In the first visit of an Israeli ambassador to Oregon in 28 years, Ambassador Ron Dermer spoke to an invitation-only crowd of about 180 people at the Mittleman Jewish Community Center March 30.
He spoke briefly about challenges specific to Israel, but focused much of his talk on the rise of global anti-Semitism and its latest form where anti-Semitism is directed against the Jewish state.
“Now the Jewish state is treated differently,” Dermer said, noting it is important to differentiate between legitimate criticism and anti-Semitism. “Israel is not above criticism. Israel is not a perfect country – no country is.”
To help differentiate between the two, Dermer and his mentor of many years, Natan Sharansky, created a 3-D standard: demonization, double standard and denial of Israel’s right to exist.
Those using BDS (Boycott, Divest and Sanction) against Israel frequently fail that 3-D test, Dermer said.

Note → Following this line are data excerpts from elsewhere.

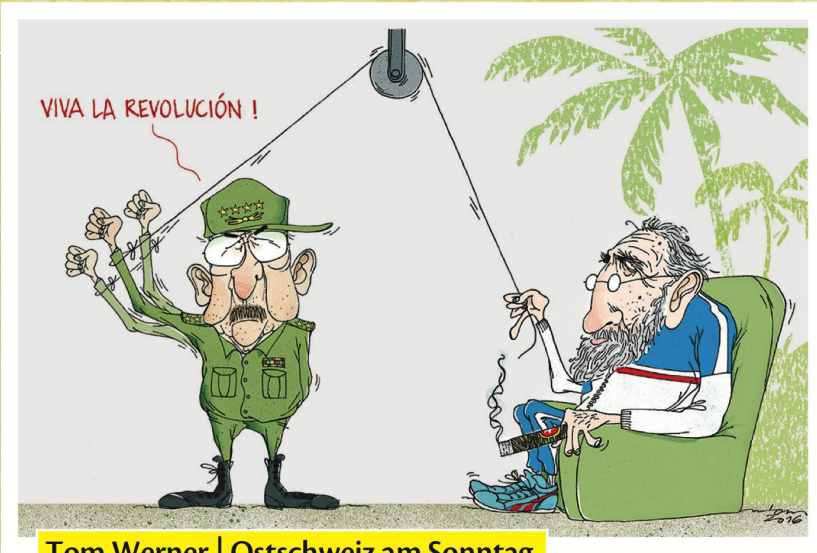
Tom Werner | Ostschweiz am Sonntag
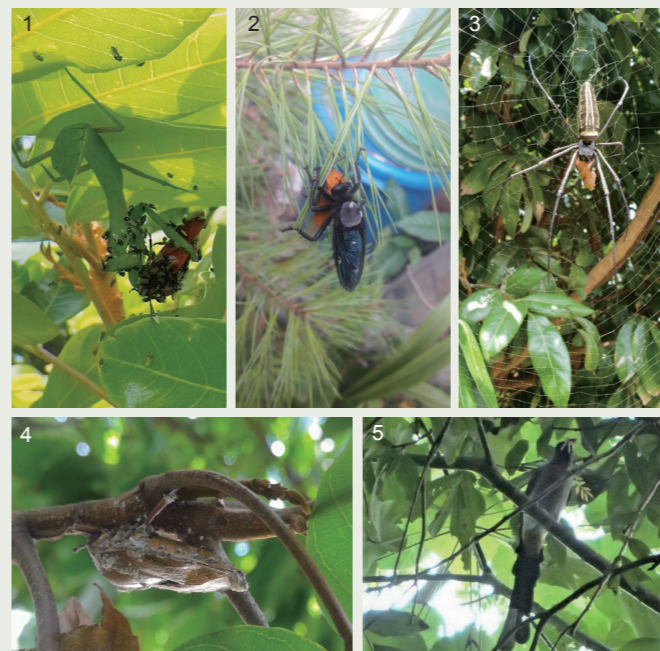
1. 螳螂。2. 大琉璃食蟲虻捕食荔枝椿象。3. 人面蜘蛛 ( Nephila pilipes )。4. 感染真菌而死亡的荔枝椿象。5. 樹鵲啄食荔枝椿象。
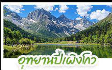
อุทยานป่าเฟิงโกว

อุทยานสัตว์รุกรณ์ • อุทยานป่าเฟิงโกว • เมืองตุเจียงเยียน รูปปั้นหมีแพนด้าบนถนนเซฟ • ร้านหนังสือจงซูเก้อ • วัดต้าอิว ถนนโบราณชอยกวางชอยแคบ • ถนนคนเดินซุนซีลู่ • ถนนไท่กู่หลี่ หมีแพนด้าปับติก IFS • ชมแสงสีน้ำพุไม้ไฟติก SKP • ชมตึกแฝดเจิงตู

“If you are a Jewish or Palestinian group, it is not wrong for you to focus on Israel,” he said, noting both have a vested interest. But when other groups want to discuss BDS, he asks if they have boycotted Iran, Syria, North Korea or any of the other 50 or so countries with human rights violations. If they do boycott other nations to support their values, he is willing to engage them. For those groups, he said it is up to him to persuade them that Israel does not belong on their list.
“But when a country or organization boycotts only Israel … they have to defend (their actions) and tell me why they have decided to single out Israel among all the nations of the world for boycott.”

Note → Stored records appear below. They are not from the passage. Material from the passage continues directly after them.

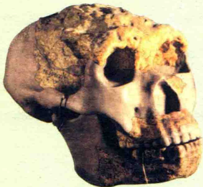
图2 蓝田人头骨化石

1964年春天，考古学家在陕西西安蓝田县公王岭发现了一具比较完整的猿人头盖骨化石（图2），据科学测定这是一位年纪约30岁左右的女性。“蓝田人”是陕西大地上最早的人类，也是迄今我们所知亚洲北部最早的直立人（图3）。
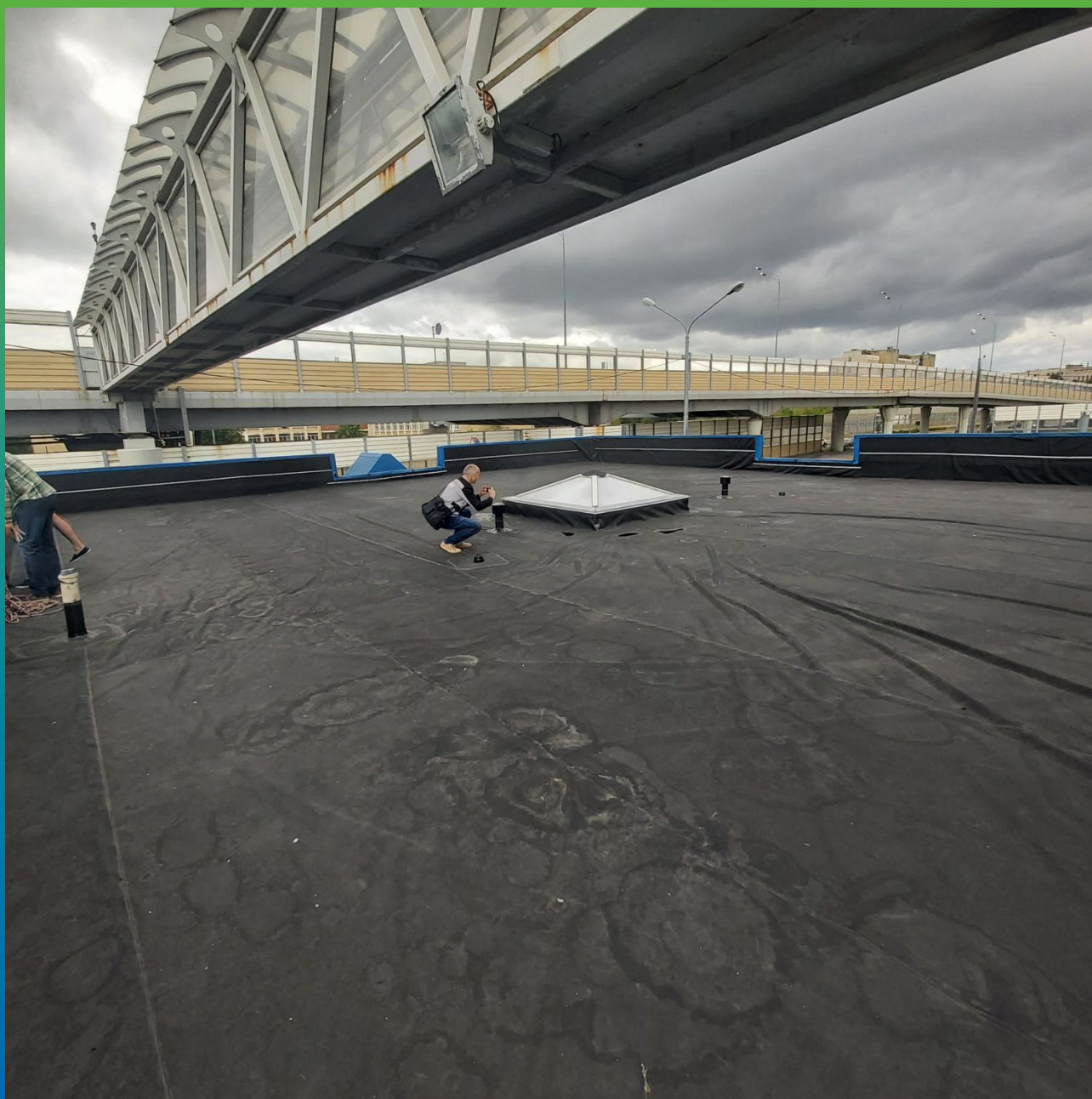
Пункт оплаты ЗСД
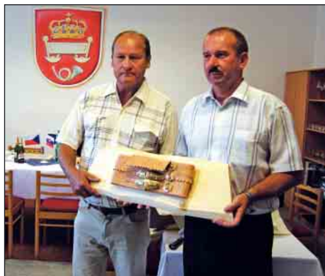
My sme priniesli ako dar pastiersky opasok

V pondelok sme išli do blízkeho Nového Města nad Metují. Prehliadli sme si jedinečné historické námestie, zámok a zámockú záhradu. Námestie je mestskou pamiatkovou rezerváciou, pritom môžu na ňom zadarmo parkovať osobné autá. Po návrate do Kráľovej Lhoty sme si na obecnom úrade navzájom vymenili dary. My sme hosťiteľom priniesli pastiersky opasok, obrázkovú knihu o slovenských horách a darčekové tašky, oni nás obdarovali obrazmi s historickými dobovými obrázkami našej Kráľovej Lhoty a darčekovými taškami.

Portland’s Jewish community will have the opportunity to take a stand on that issue in May and again in June. Two church groups will be in Portland for their national conventions, during which they will consider BDS resolutions against Israel.

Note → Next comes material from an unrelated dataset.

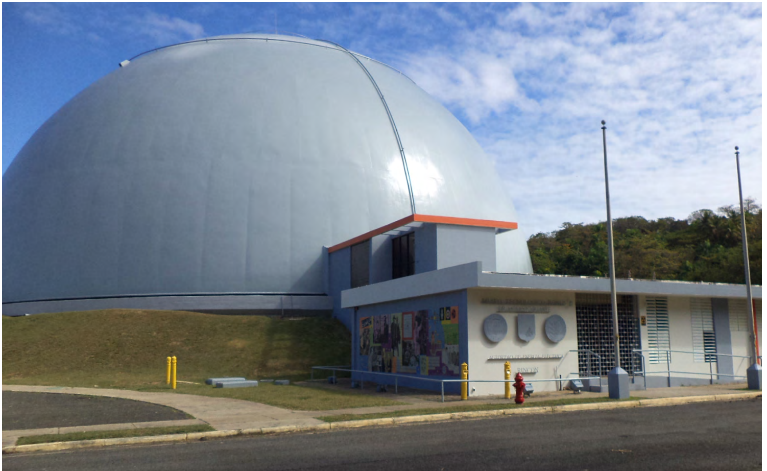
La cúpula del reactor de la central BONUS fue repintada en 2014.

Se realizó una descontaminación general del reactor para satisfacer los criterios requeridos para el uso sin restricciones de todas las áreas accesibles del edificio. Los materiales radioactivos residuales que quedaron dentro de la estructura fueron aislados o blindados para proteger a trabajadores y visitantes de la facilidad. En los años subsiguientes se descubrió contaminación adicional en partes del edificio, y por ello se realizaron actividades adicionales de limpieza y blindaje en los años 1990 y a principios de la década del 2000.
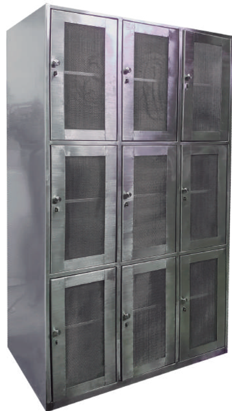
▶ Locker en acero inoxidable

Dermer said when Christian churches call for such action, it is hard to reconcile with the reality in the Middle East, where ancient Christian communities are being decimated and Christians are being beheaded. The Christian population has fallen from 20% of the region’s people to just 4% over the last century.
“There is one country (in the region) where Christians are free and safe, and that is the state of Israel,” he said. “But Christian church groups are going to call for divestment. The Methodists are here in May … in June the Presbyterians are marching to town.”
The Methodist General Conference will be in Portland May 10-20, and the Presbyterian Church (U.S.A.) General Assembly is here June 18-25.
“I hope when a church group comes to Portland and people at the conference place what I regard as a yellow star on the Jewish state of Israel … I hope people would respond by raising a blue and white star,” he said. “Have such a showing that you will deter groups from thinking they can get away with anti-Semitism.”
Noting the FBI reported that 58% of hate crimes in 2014 were anti-Jewish, Dermer said hate groups behind those crimes need to see “a strong, proud Jewish community.”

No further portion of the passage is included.